Excerpts from a dataset:

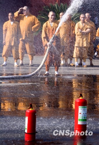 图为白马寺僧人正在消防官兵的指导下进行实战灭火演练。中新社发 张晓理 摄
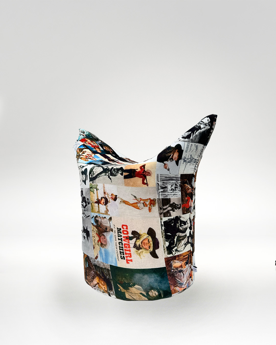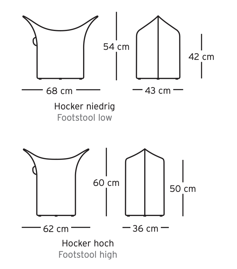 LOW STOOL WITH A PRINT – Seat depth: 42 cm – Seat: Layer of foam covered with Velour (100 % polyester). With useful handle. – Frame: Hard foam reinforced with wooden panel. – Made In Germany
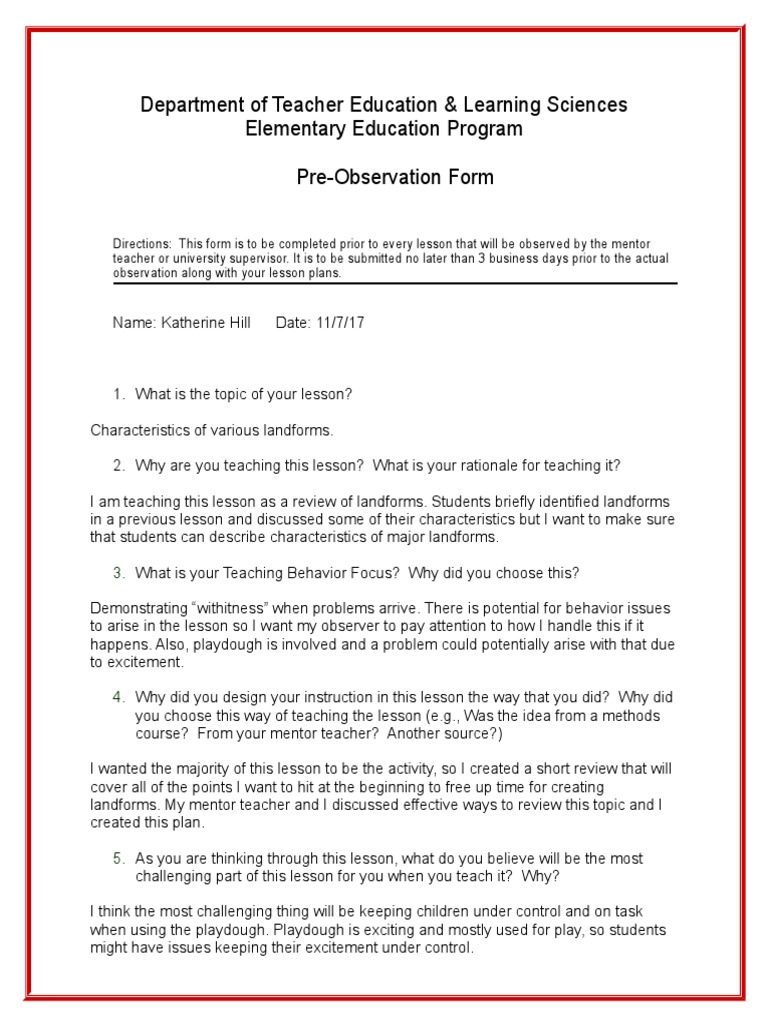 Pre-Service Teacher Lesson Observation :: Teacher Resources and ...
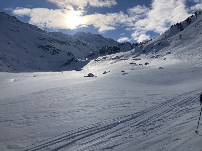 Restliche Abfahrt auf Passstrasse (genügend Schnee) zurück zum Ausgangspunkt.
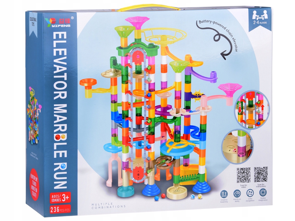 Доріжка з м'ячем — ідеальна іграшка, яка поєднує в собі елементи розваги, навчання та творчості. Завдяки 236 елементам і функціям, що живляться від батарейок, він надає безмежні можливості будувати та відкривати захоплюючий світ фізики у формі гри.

- _PROBLEM DESCRIPTION_: From the first line to the last, retype the data exactly, but omit every image.

- _WRITTEN SOLUTION_:
 图为白马寺僧人正在消防官兵的指导下进行实战灭火演练。中新社发 张晓理 摄
 LOW STOOL WITH A PRINT – Seat depth: 42 cm – Seat: Layer of foam covered with Velour (100 % polyester). With useful handle. – Frame: Hard foam reinforced with wooden panel. – Made In Germany
 Pre-Service Teacher Lesson Observation :: Teacher Resources and ...
 Restliche Abfahrt auf Passstrasse (genügend Schnee) zurück zum Ausgangspunkt.
 Доріжка з м'ячем — ідеальна іграшка, яка поєднує в собі елементи розваги, навчання та творчості. Завдяки 236 елементам і функціям, що живляться від батарейок, він надає безмежні можливості будувати та відкривати захоплюючий світ фізики у формі гри.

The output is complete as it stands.